The problems to solve are many, and relatively few people are actually looking at the enterprise market because the challenges associated with big consumer data are obvious, profitable, and data is widely available for research.

The high dollar hires right now are primarily people with masters and phds that are highly relevant, but that will change in short order IMO like the whole market did in the mid-90s as markets grew out of nowhere. I think in three years - after we have a bit of a slump and nobody is investing in mobile apps or IOT anymore - we'll see a real rise in AI workflows that apply to mid-size enterprises.

To get ahead of the game, start paying attention. Take the suite of AI courses from coursera, fast.ai, etc. Participate in Kaggle. Then find a job that is loosely related and allows you to keep pace. Three to five years down the road you'll be leading the way in a gigantic shift in the enterprise market.

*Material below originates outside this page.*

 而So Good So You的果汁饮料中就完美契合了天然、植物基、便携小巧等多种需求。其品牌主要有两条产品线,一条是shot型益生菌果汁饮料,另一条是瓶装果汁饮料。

It's worth paying attention to distributed computing as well to understand how the whole data pipeline comes together. Not everybody will be structured the same way, but constantly changing large datasets are valuable and there are only so many ways to handle them.

1 comments

Quick follow-up. If you look at front-end web development toolkits these days, it's a good example of why there is a need for someone with a solid general development background that has an interest in the field.

I'm sure a lot of ML specialists are good coders, but they don't have a lifetime of experience in building production level software. Left to their own devices, they are going to be forced to re-invent the wheel over and over again, wasting time on over-engineered and under-utilized tools. There's value in being the guy who understands ML, and understands development but isn't an expert in linear algebra. There isn't a giant market for people like that at this point, but there is a market.